From: FirstName LastName [mailto:XXXXchosen1@aol.com]
Sent: Tuesday, May 25, 2010 8:45 AM
Cc: recipient list not shown:
Subject: URGENT MESSAGE.
Hello,
How are you doing ? hope all is well with you and family,i am sorry that i didn't inform you about my traveling to England for a seminal. I need your urgent help, I misplaced my wallet on my way to the hotel where my money and credit cards are kept. I urgently need a loan of $3,400 from you to sort-out my hotel bills and get myself back home.
I will appreciate whatever you can afford and i'll pay you back as soon as i return.Let me know if you can send the money?so that I can get the details across to you soon.
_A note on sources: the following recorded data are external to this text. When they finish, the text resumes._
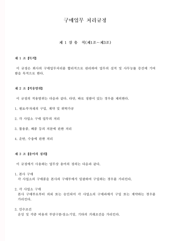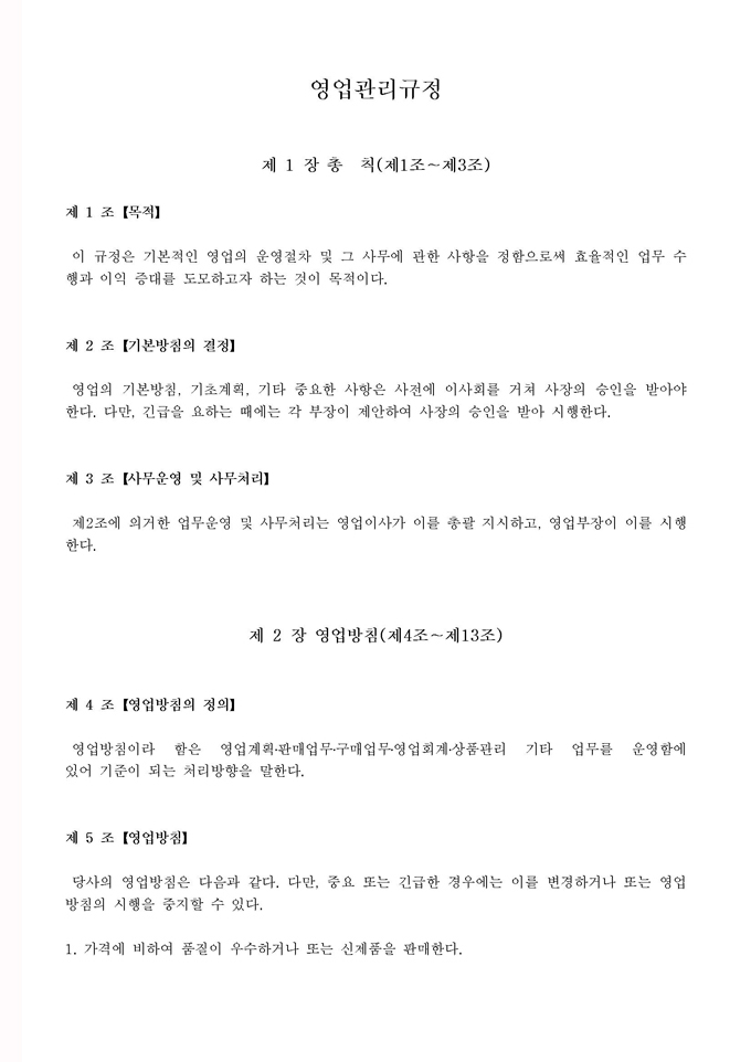 9,000원/월회사업무관련규정집모음(사규,조직규정) 영업및구매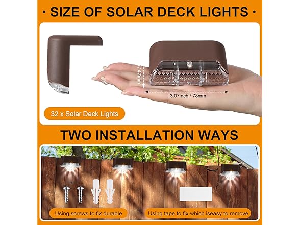 - Easy to Install: the solar outdoor deck lights are easy to install, no wires, simple and convenient to fix it in a proper position with screws or double sided adhesive tapes (the screws and double sided adhesive tapes are included); You can place it vertically or flat along any edge of stairs, decks, fences, steps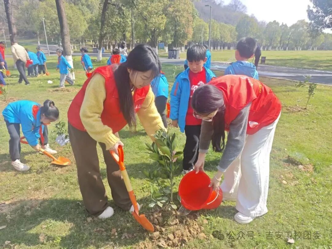 现场植树环节,同学们耐心挖土、扶苗、培土、浇水,细致了解树苗养护要点,在劳动中增长知识、体验乐趣。大家分工协作、配合默契,齐心协力将一株株树苗整齐植入坑中。迎风挺立的树苗,不仅为土地注入新生绿意,更在同学们心中播下热爱自然、珍惜环境的美好种子。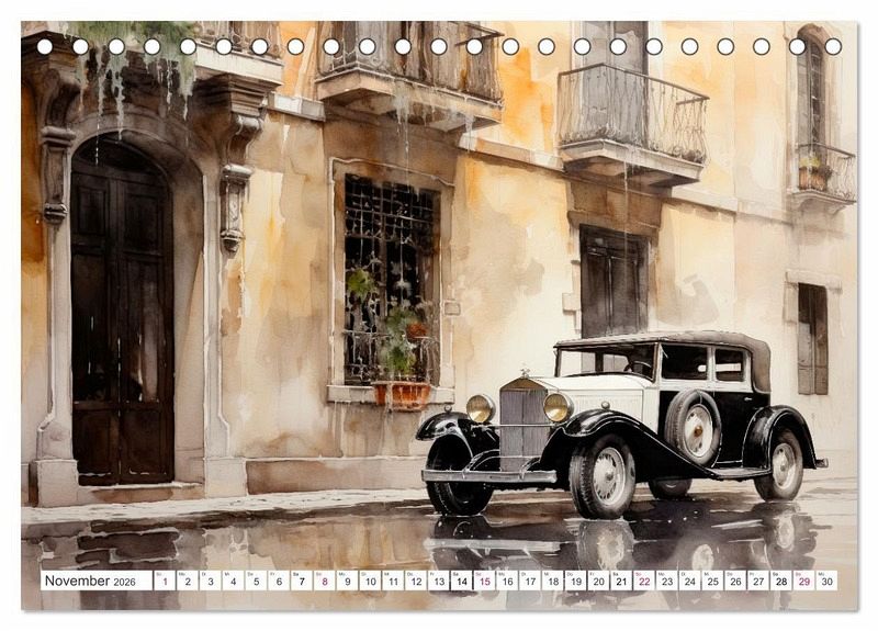 Wer liebt sie nicht, die ewige Schönheit von klassischen Oldtimern. Lassen Sie sich vom Vintage-Charme der exklusiven Oldtimer begeistern. Jedes Blatt erzählt die Geschichte einer vergangenen Ära, eingefangen in den stimmungsvollen Momenten eines Regentages. Der perfekte Begleiter für Liebhaber klassischer Automobile und Ästhetik. Die Bilder sind mit Unterstützung von KI entstanden und wurden mit Bildbearbeitungsprogrammen optimiert.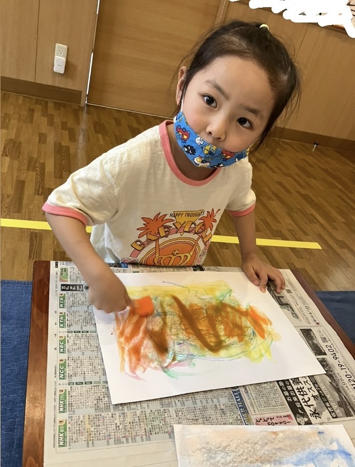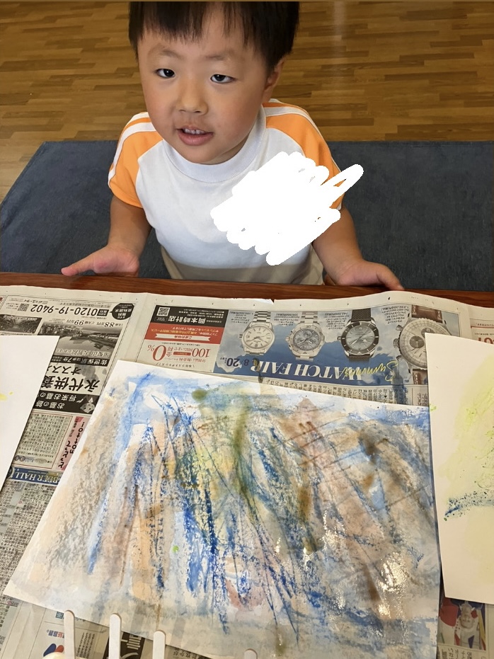 氷が溶けるごとに絵のタッチが変わり、「クレヨンみたい!」、「今度は水になったよ!」と子どもたちもその変化に驚いていました⛄
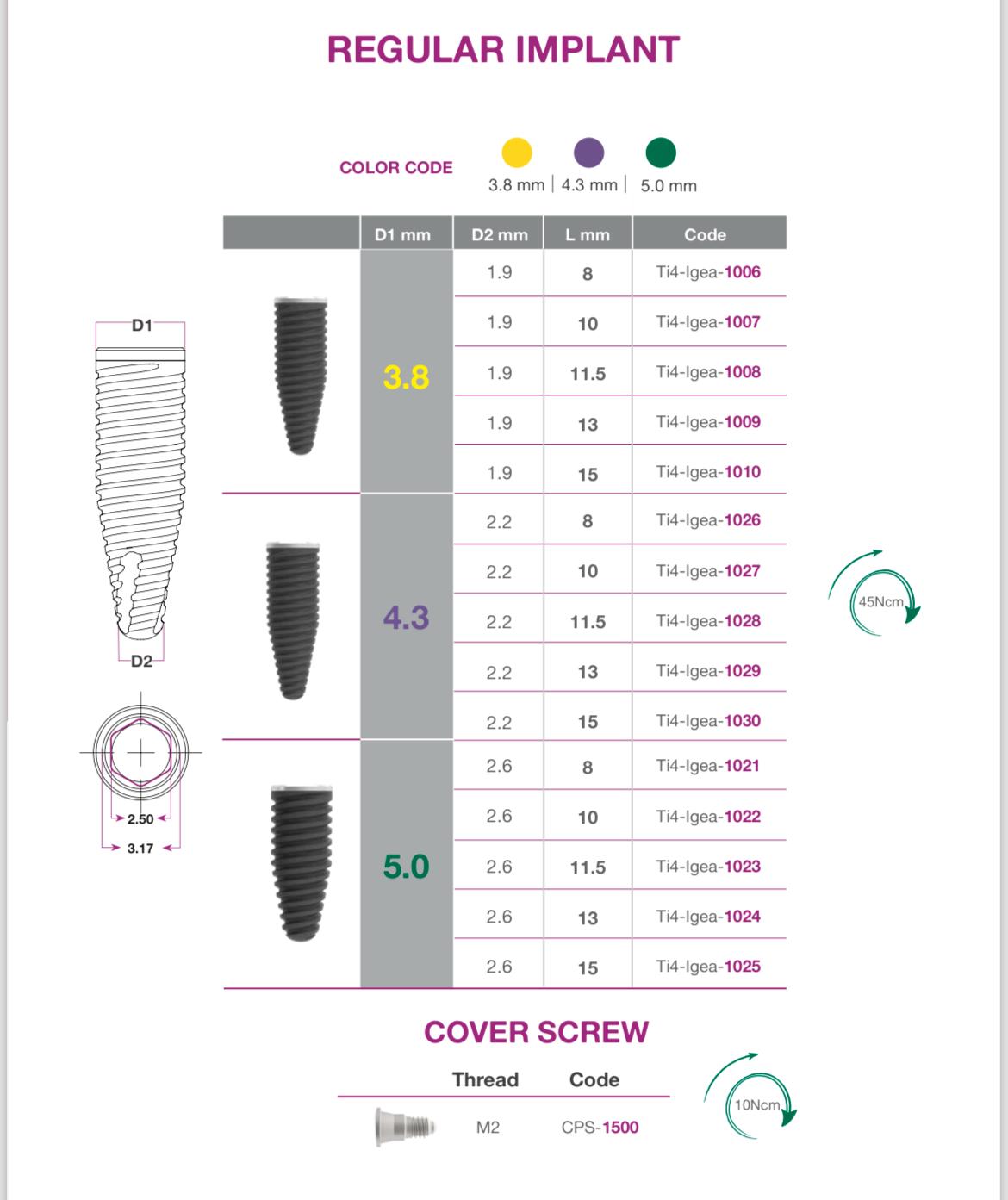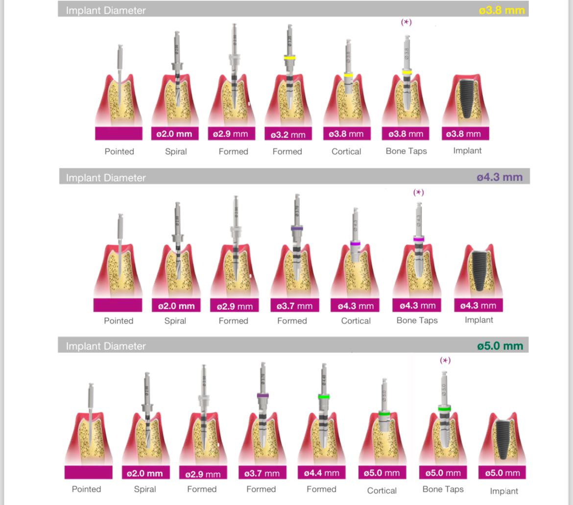 Bağlantı noktası 2.5 çapında ve vida kalınlığı 2.0 çapındadır. Cerrahi set üzerinde R harfi ile simgelenen protokoller uygulanır.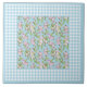 Azulejo De Cerámica Gingham azul blanco, flores de manzana rosada en a
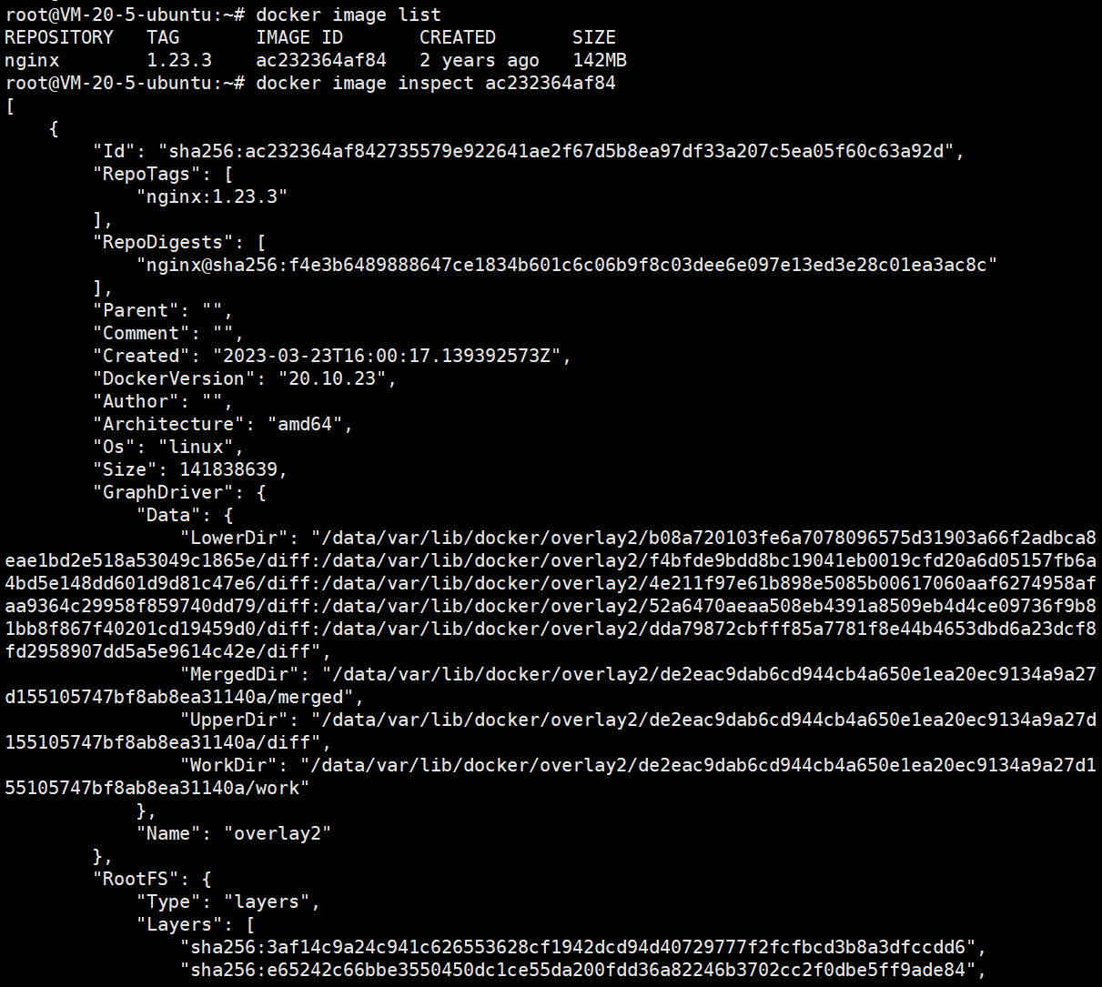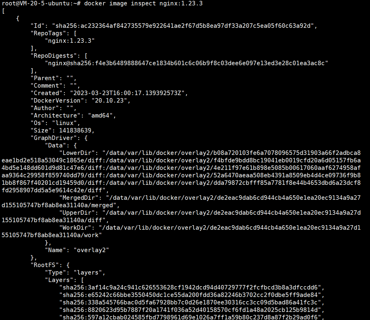 输出会包含镜像的ID、标签、创建时间、架构、环境变量、暴露的端口、启动命令、所有层的摘要等海量信息。

Your help will be greatly appreciated.
Sincerely,
FirstName
I wouldn't have sent money anyway (the Lord delivered me of giving handouts long ago so even if I HAD it, I wouldn't have sent it) but what surprised me is that the email address XXXXchosen1@aol.com was VERY similar to this individual's real email. Only one letter was changed (m for an n) and if you weren't paying attention, I might have emailed this person to express sympathy for their situation, not realizing I wasn't REALLY emailing the person I thought.
This is similar to the scam with Elder Russell's email last year. I wish I still had that email so I could check and see if it was actually her email address or a close counterfeit. Either way, someone is either hacking into these accounts, or there's a very sophisticated scam-bot operating out there.
If you get this email (or the email/phone-call about someone whose car broke down and they're on the way to visit your church) it's a scam, so please do not pay! If you want to contact the person you think it's from, to make sure they're ok, please contact them by a way OTHER than email.